— Дней на пять. Садись и съешь что-нибудь, совсем не обязательно рассыпаться передо мной мелким бесом…
Он понимал, что Мараид чувствует себя виноватой в исчезновении Сиобан.
— Мне кажется, у Девлина воспаление предстательной железы, последнее время ему очень тяжело писать.
Разговор готов был перейти на ветеринарную тему, но его нарушил звук опускаемой в ящик почты.
Мараид повернулась и вышла из кухни, оставив дверь открытой. Пирсон, занятый мьюзли, тем не менее поглядывал на дверь.
Из прихожей слышался шорох разбираемых конвертов, и, как всегда по утрам, когда он был дома, эта процедура казалась ему бесконечной. Наконец Мараид вернулась в кухню, рассматривая пачку из четырех или пяти конвертов.
— Это из ассоциации юристов, счет за телефон… — Мараид радостно вздрогнула. — Письмо от Сиобан, с венесуэльским штампом.
В кухне повисла мертвая тишина. Сердце Пирсона готово вырваться из груди. Он трясущимися руками отодвинул молочник и посмотрел на Мараид, которая со слезами на глазах протягивала ему конверт. Он нежно взял ее за руку и погладил.
— Может быть, прочтешь вслух?..
Мараид всхлипнула, кивнула и осторожно распечатала конверт чистым ножом.
— Благослови ее Господь, она написала длинное письмо.
— Когда она его написала?
— Девятнадцатого. Пять недель назад. Но проштемпелевано всего восемь дней назад… Посмотри сам. — Мараид протянула конверт мужу. Венесуэльский штамп, отправлено из Каракаса.
У Пирсона отлегло от души.
— Читай.
«Дорогие мама и папа, жизнь в Риме прекрасна. Я пыталась дозвониться вам, но все время было занято или никто не отвечал. Так что все расскажу подробно, когда нам наконец удастся поговорить. — …Так, здесь стоит восклицательный знак. Ох, я так нервничаю. — Я познакомилась с прекрасным парнем, он из Венесуэлы, это в Южной Америке, если вы не знаете. И, хотя он настаивает на нашей женитьбе, я сказала, что этого не произойдет, пока я не закончу учебу и пока мама и папа не дадут своего благословения. Он пригласил меня на несколько недель в Венесуэлу позаниматься под руководством знаменитого южноамериканского композитора Энрике Лопеса Фуэрте. Мне на самом деле хочется поехать, все равно ведь я не дома, так что ничего здесь страшного. Когда вы получите это письмо, я буду лететь в самолете или уже находиться в Венесуэле, откуда сразу же позвоню вам. Как поживает Девлин? Погладьте его от меня по животику.
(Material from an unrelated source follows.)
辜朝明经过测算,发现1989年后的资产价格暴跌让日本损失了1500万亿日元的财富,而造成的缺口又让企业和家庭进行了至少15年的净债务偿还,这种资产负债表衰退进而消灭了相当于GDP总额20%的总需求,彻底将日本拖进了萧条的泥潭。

Пожалуйста, не беспокойтесь обо мне…»
А далее в письме имелась приписка. Сиобан объясняла, что ей не удалось опустить письмо до отлета из Рима, поэтому отправляет его из Венесуэлы. Полет прошел чудесно, но она немножко устала и позвонит, когда они уже приедут в дом Фуэрте, который находится в горах.
Юджин и Мараид несколько раз перечитали письмо, вместе и по отдельности. У судьи словно гора свалилась с плеч. Они с женой обнялись, и, к удивлению Мараид, муж был очень нежен с ней.
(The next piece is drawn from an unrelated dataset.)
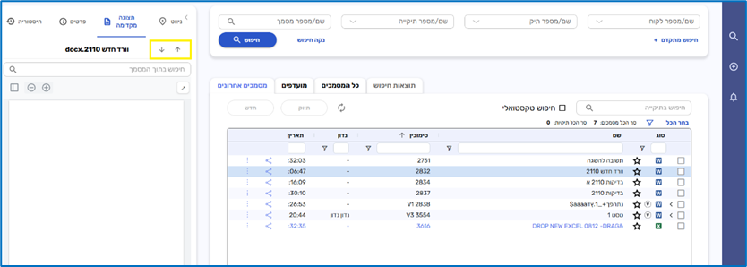 - הוספנו אפשרות לדפדף בין המסמכים בתצוגה המקדימה, באמצעות החיצים שבחלונית:
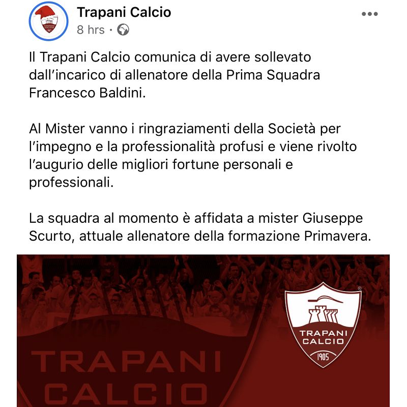 Trapani, esonerato Francesco Baldini

Чуть позже она отвезла мужа на машине в дублинский аэропорт, где он сел на парижский рейс «Эйр Лингус» АЕ-112. В Париже Пирсон превратился в гражданина США по имени Дэниел Руни, юриста-консультанта из Бостона, о чем свидетельствовали соответствующие документы и паспорт.
Под фамилией Руни Юджин Пирсон взял напрокат «пежо» и поехал на юг, в Лион. Дорога заняла у него шесть часов сорок минут. В девять тридцать семь вечера он припарковал машину на улице Победы, зашел в маленький бар с полинявшим желтым навесом, заказал коньяк и омлет, и передал ключи от машины сочувствующему ИРА французскому адвокату из «Аксьон директ» — французской городской террористической группы, почти уничтоженной властями несколько лет назад, а теперь снова собирающей силы. Адвокат должен был вернуть машину в Париж по документам Руни.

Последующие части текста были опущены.